Salad Dressing Variation, Banana-Raspberry Soft Serve

With a giant salad my usual lunchtime centerpiece of the day, I like to find easy and delicious variations.  I keep coming back to a combination of a nut or seed or butter thereof, citrus juice, and garlic.  Today I made a new dressing inspired partly by "Hail to the Kale" in Chef A.J.'s and Julieanna Hever's video, linked here


2 dates
clove of garlic
2 oz. almonds
grape-sized piece of ginger
zest and flesh of half a small lime
1 to 1-1/2 cups water

Combine all ingredients and whirl them in the Vita-Mix. A 1/4-cup serving made with 1-1/2 cups water is 1/3 oz. nuts. 

Verdict: Excellent.
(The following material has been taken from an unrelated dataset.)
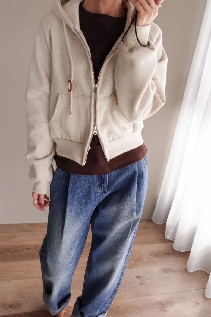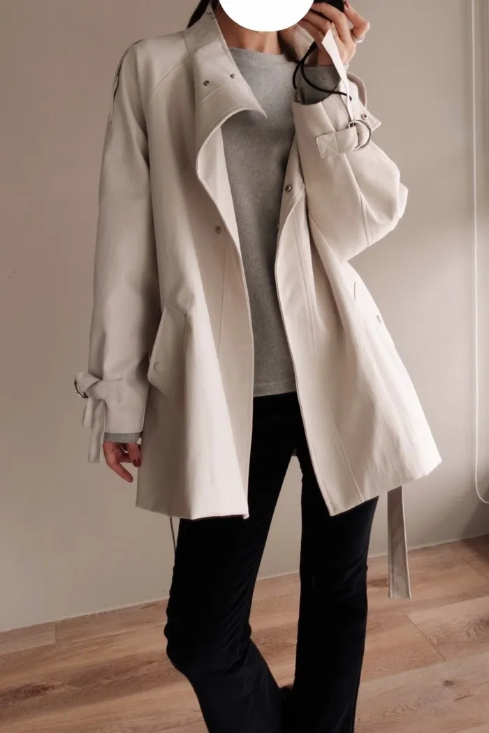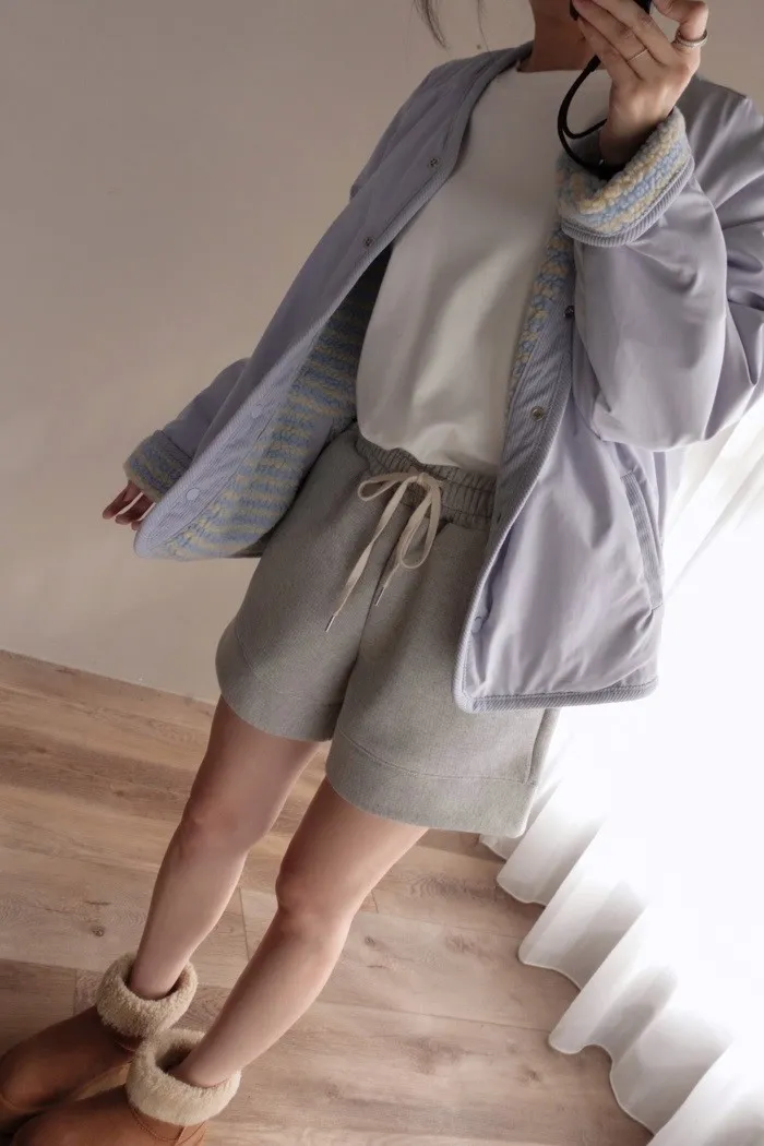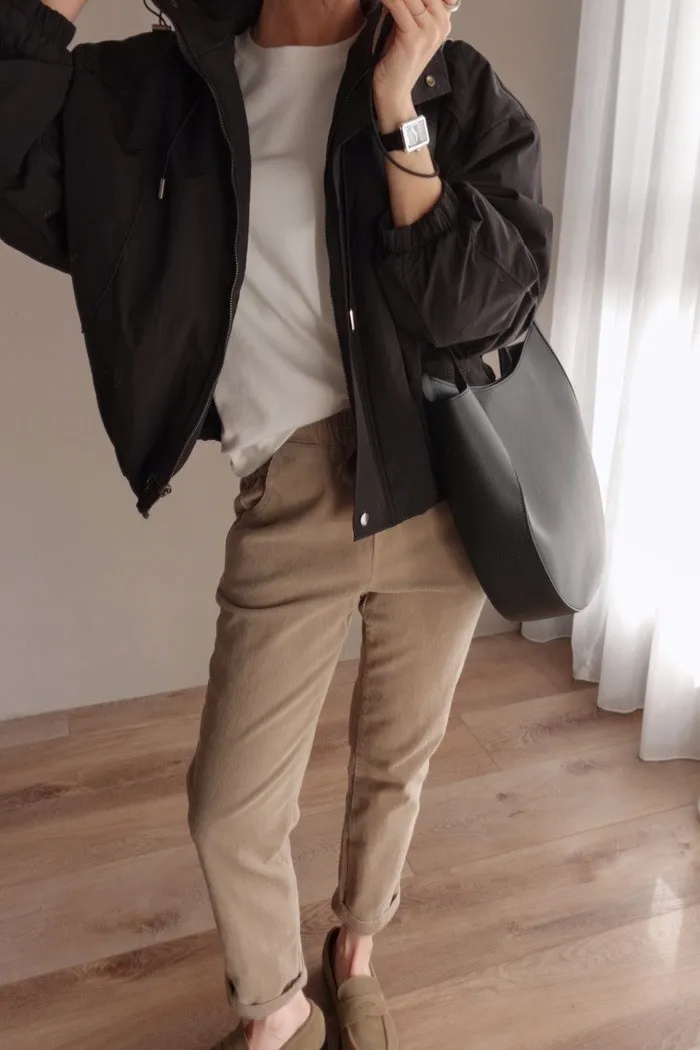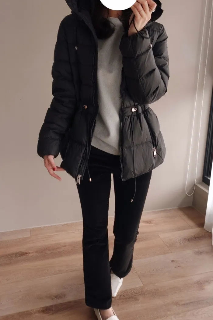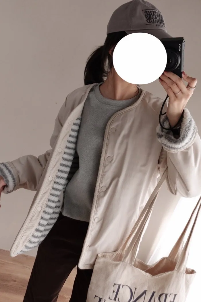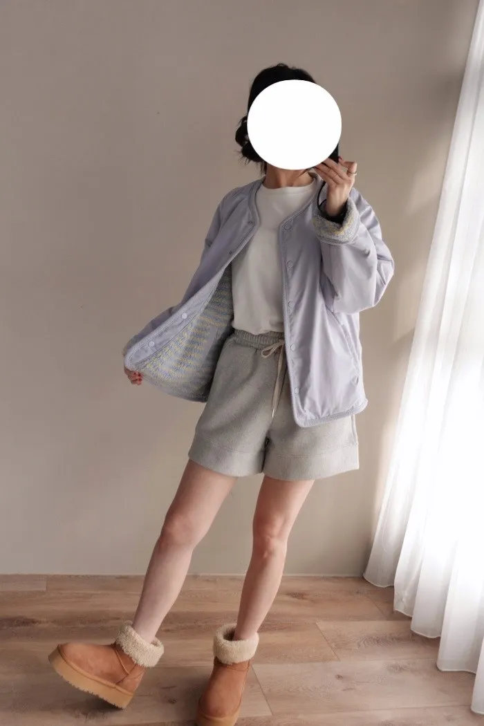 穿起來還保有一點的空間 大約是內裡可以藏一件發熱衣的程度

Creamy and yet with full coverage of the salad when made with the larger amount of water suggested.  Is it strange that I like the garlic aftertaste?  I had this on a salad of artisan lettuces and green leaf lettuce, chopped cucumber, red bell pepper, and scallion, with 3/4 cup home-cooked pinto beans, and a fruit cup on the side.



We are blessed to have black raspberries growing on the side of an old barn adjacent to our property, and hubby and kids have gathered a couple of gallons of them so far, I think.  For Sunday dinner I made a coulis (1 pint raspberries, 3 T. sugar, 2 tsp. lemon juice blended in the blender and then pushed through a sieve) to serve on vanilla ice cream.  For me I just added to the coulis-coated blender container 1-1/2 bananas and a little water (and, I confess, a dollop of ice cream) to get the consistency right.  I got a beautifully rosy product very similar to soft-serve ice cream (or facsimile thereof) and every bit as satisfying as what the rest of the family were having.  That helps make nutritarian eating more workable.  (By the way, I think it would have worked better with more banana, as there wasn't enough to form up correctly around the blades, necessitating the water and possibly justifying the ice cream addition.)

Bananas are magic in the Vita-Mix.  With a chocolate craving last week I put a heaping tablespoon of cocoa powder and a little instant decaf coffee into a quarter cup or so of hot water to dissolve, then added them into the blender with 1-1/2 bananas, for a completely satisfying dessert treat.

Verdict: Excellent on both of these, as well as a toasted-walnut variation I've tried in the past.